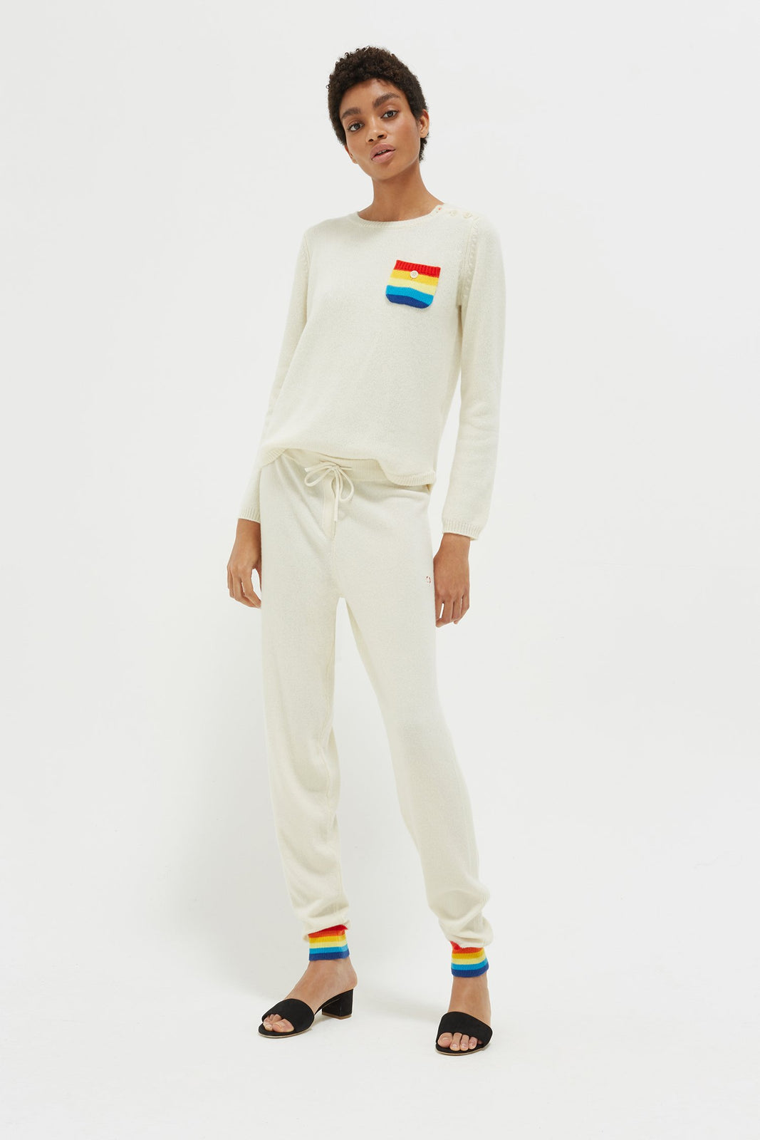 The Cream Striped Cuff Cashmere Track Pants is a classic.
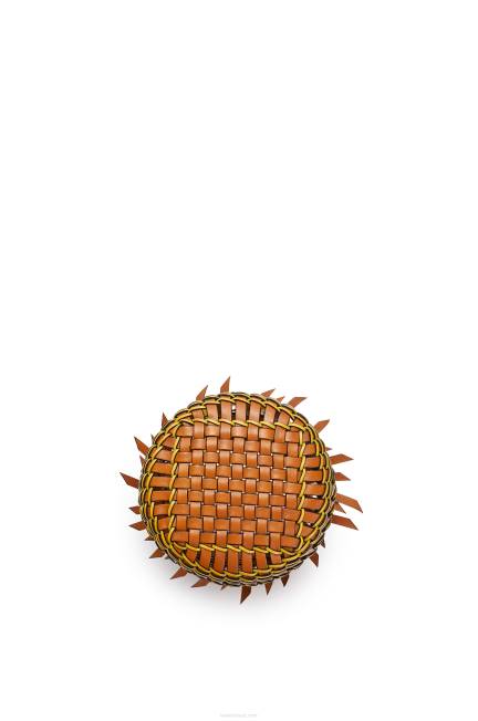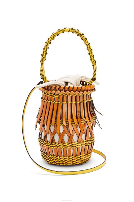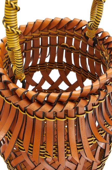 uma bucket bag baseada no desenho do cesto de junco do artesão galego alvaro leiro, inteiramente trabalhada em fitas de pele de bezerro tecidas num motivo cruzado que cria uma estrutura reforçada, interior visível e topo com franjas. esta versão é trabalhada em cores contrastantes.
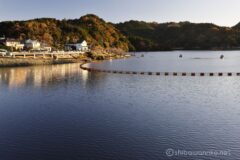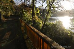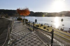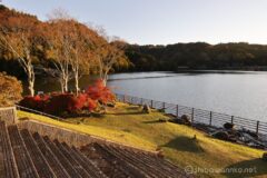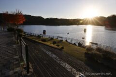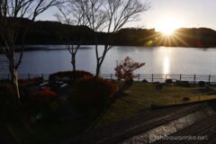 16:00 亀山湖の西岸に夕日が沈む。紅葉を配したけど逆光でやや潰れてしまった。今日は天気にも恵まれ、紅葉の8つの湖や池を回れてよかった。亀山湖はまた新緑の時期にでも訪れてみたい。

━━━━

Task item> Go back to the line that contains "uma bucket bag" and copy it, along with each line after it through the end of the listing above, exactly and without pictures.

Exercise output>
 uma bucket bag baseada no desenho do cesto de junco do artesão galego alvaro leiro, inteiramente trabalhada em fitas de pele de bezerro tecidas num motivo cruzado que cria uma estrutura reforçada, interior visível e topo com franjas. esta versão é trabalhada em cores contrastantes.
 16:00 亀山湖の西岸に夕日が沈む。紅葉を配したけど逆光でやや潰れてしまった。今日は天気にも恵まれ、紅葉の8つの湖や池を回れてよかった。亀山湖はまた新緑の時期にでも訪れてみたい。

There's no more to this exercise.